🤖 AI Summary
This work addresses the limitation of existing prompt optimization methods that rely on weighted summation and thus struggle to adequately explore the Pareto frontier between accuracy and inference cost. To overcome this, the authors propose a front-aware Pareto optimization framework that integrates complementary accuracy- and cost-oriented editing generators, a Pareto gap acquisition strategy, and an NSGA-II-based population maintenance mechanism. This approach dynamically selects and validates candidate prompts under a constrained model query budget, avoiding solution set collapse caused by scalarization. Experiments across six classification and reasoning benchmarks demonstrate that the method substantially outperforms single-objective or weighted-sum baselines, yielding prompt sets that simultaneously span high-accuracy and low-cost regions and achieve a broader, more complete approximation of the Pareto frontier.
📝 Abstract
Prompts tuned for accuracy often grow long, raising inference cost on every model call. The best accuracy-cost trade-off depends on the task and the budget, so prompt optimization is a search over the Pareto front of accuracy and prompt-token cost rather than for one prompt.

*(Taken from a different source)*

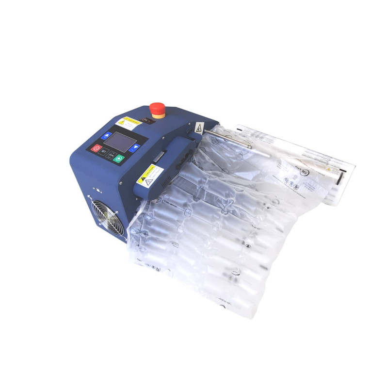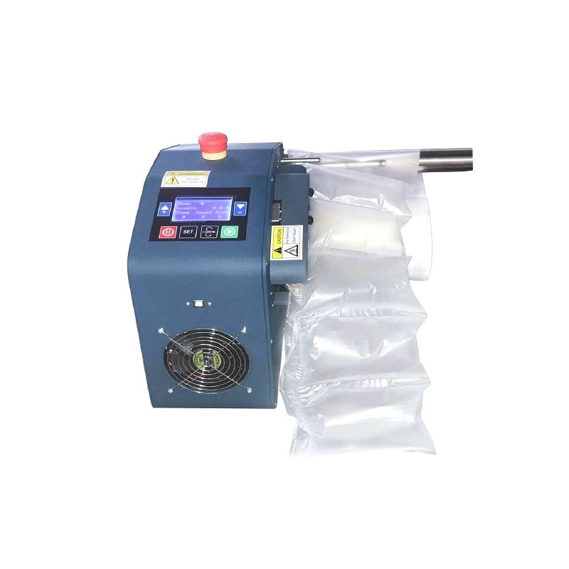 Stroj na výrobu vzduchových polštářů a výplní KM-4501, s výkonem 450W a maximální rychlostí výroby 28m/min.

The usual shortcut, collapsing the objectives into a weighted sum, fixes the trade-off weight before search and often recovers only a narrow region of the front, a failure we call scalarization collapse. We present CRAFT (Cost-aware Refinement And Front-aware Tuning), a Pareto-front prompt optimizer that treats target-LLM validation calls as the scarce resource and allocates them to candidates near the optimistic candidate front. Each round, complementary accuracy-oriented and cost-oriented generators propose edits, Pareto-gap acquisition spends the per-round validation budget, and NSGA-II retention keeps a spread-out population. Across six classification and reasoning benchmarks, CRAFT's retained fronts reach both high-accuracy and low-cost regions, while accuracy-only, cost-only, and weighted-sum baselines each concentrate in narrower regions. The accuracy-cost trade-off becomes a post-search choice, not a pre-search weight.